We report the complete genome sequence of cadmium-resistant Cellulomonas sp. strain Y8, isolated from farmland soil. The 4.5-Mbp genome contains 4,074 genes, with an approximate GC content of 75%. This work might help in understanding how strain Y8 survives under heavy metal stress.
ABSTRACT
We report the complete genome sequence of cadmium-resistant Cellulomonas sp. strain Y8, isolated from farmland soil. The 4.5-Mbp genome contains 4,074 genes, with an approximate GC content of 75%. This work might help in understanding how strain Y8 survives under heavy metal stress.
ANNOUNCEMENT
Cellulomonas sp. strain Y8, which has strong cadmium (Cd) resistance, was isolated from farmland soil of the Agro-Ecosystem Experimental Station located in Luancheng, Shijiazhuang, China (37°53′N, 114°41′E), in 2017. Colonies of Y8 appear as smooth, opaque, pale-yellow, moist spheres. Y8 had a high growth rate on a Luria-Bertani plate at 37°C under aerobic conditions, and no significant growth inhibition was observed when it was inoculated on a Luria-Bertani plate containing 2 mM CdCl2. It was therefore desirable to obtain the genomic sequence of the Cellulomonas strain that was able to thrive under Cd stress.

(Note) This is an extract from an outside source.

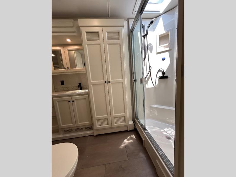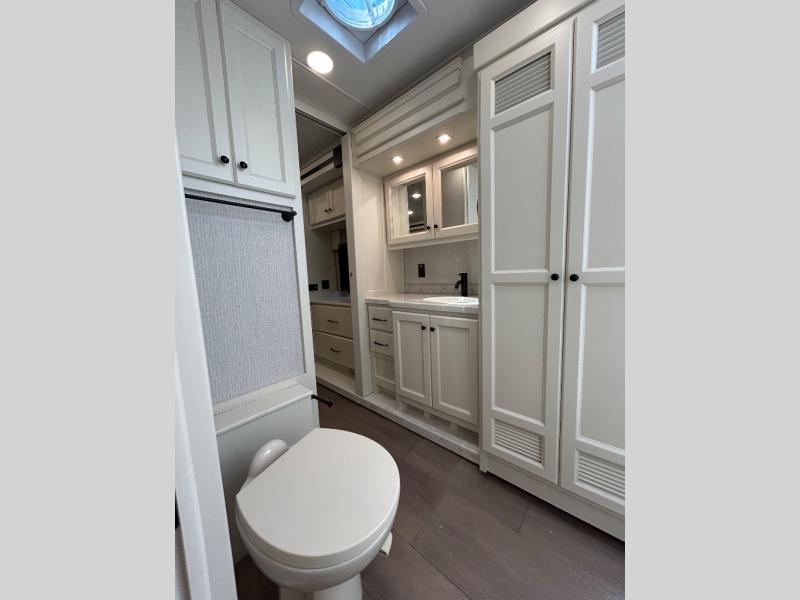 The 34 PA floorplan is one of Tiffin’s most popular for a reason. With four slide-outs, it offers an expansive living area, private rear bedroom, and a dual vanity bathroom that brings residential luxury on the road. The open layout is ideal for entertaining, relaxing, or working remotely from wherever you park.

Genomic DNA was extracted from Y8 by using the PureLink Pro 96 genomic DNA purification kit (Thermo Fisher, USA), following the standard instructions. As the template, the 16S rRNA gene was then amplified and sequenced to verify the quality of the genomic DNA. The complete genome of Cellulomonas sp. strain Y8 was sequenced by using both the Illumina HiSeq (USA) and PacBio RS II (USA) platforms, according to standard protocols (1). For next-generation sequencing, the library preparations were constructed following the manufacturer’s protocol. For each sample, 100 ng genomic DNA was randomly fragmented to <500 bp by sonication (Covaris S220). The fragments were treated with end prep enzyme mix. Size selection of adaptor-ligated DNA was performed, and then fragments of ∼470 bp (with an approximate insert size of 350 bp) were recovered. Each sample was then amplified by PCR for 8 cycles using the P5 and P7 primers. The PCR products were cleaned up and validated using an Agilent 2100 Bioanalyzer (USA) and quantified with a Qubit 3.0 fluorometer (Invitrogen, USA). Then libraries with different indices were multiplexed and loaded onto an Illumina HiSeq instrument according to the manufacturer’s instructions. Cutadapt 1.9.1 (2) was employed to control the quality of the pass filter data, and reads with base groups having a quality score below 20 at both ends, as well as sequences containing more than 10% N bases or those that were less than 75 bp in length, were removed.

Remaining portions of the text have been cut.